The group debated various details of the beach assault. As "advisor" and commander of the Special Reconnaissance unit, Xue Ziliang hadn't spoken. Today, a squad from Special Reconnaissance Command had participated in the exercise, serving as advance guides and target designators for the landing force. The boys had performed well—there was a hint of the Marine Corps Force Recon about them.

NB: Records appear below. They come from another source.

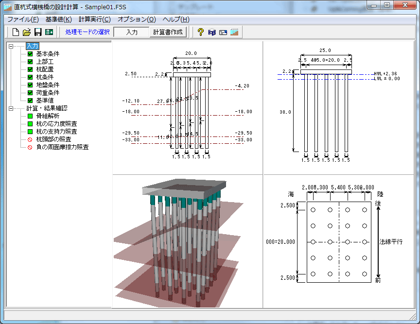 港湾基準及び漁港・漁場基準を参考に、主に桟橋の性能照査(杭の応力に関する照査、杭の支持力に関する照査)の解析をサポートします。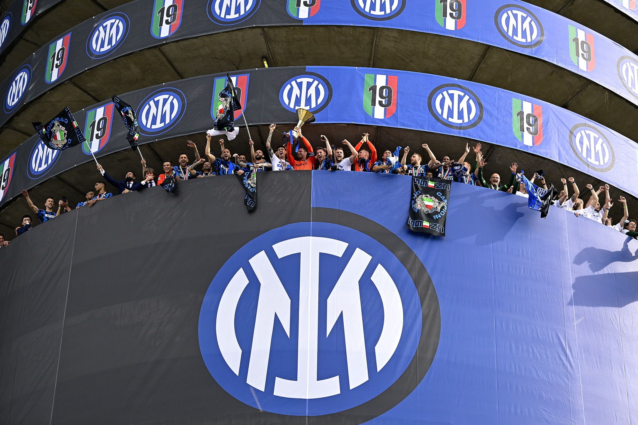 Scudetto Inter, la squadra si affaccia dalla Torre 4 di San Siro e mostra il trofeo ai tifosi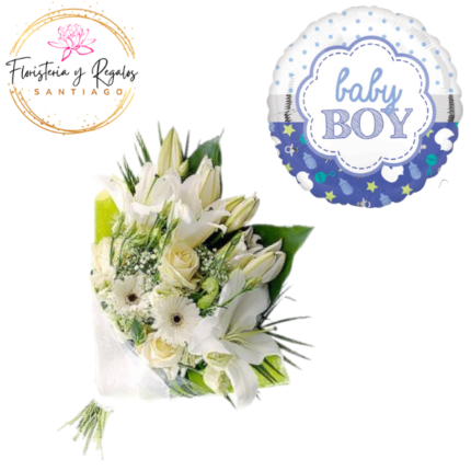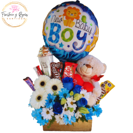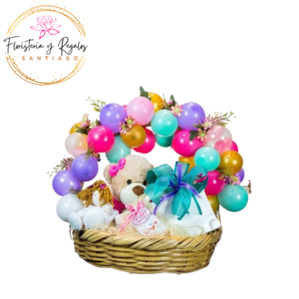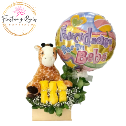 ARREGLO DE PELUCHE 30cm + 3 PRODUCTOS DE BEBE Y ARCO DE GLOBOS

Baitu Village, emptied by the Lingao-zhong, had remained desolate ever since—used only as a backup harbor for the Naval Fisheries Squad. But today, it was enveloped in gunfire and explosions. Offshore, dozens of ships flying the Morning Star flag and the Navy ensign lay at anchor. Single-masted patrol craft, large, medium, and small motor launches, and rowboats shuttled back and forth around the larger vessels, ferrying personnel and supplies. Thick black smoke poured from stacks of all sizes into the sky.
This was the joint army-navy landing exercise codenamed "Penglai-1631." Its purpose was to test the combined-operations capability of the Northbound Detachment, the Navy Expeditionary Squadron, and the Joint Logistics Command—a warm-up for the imminent Operation Engine.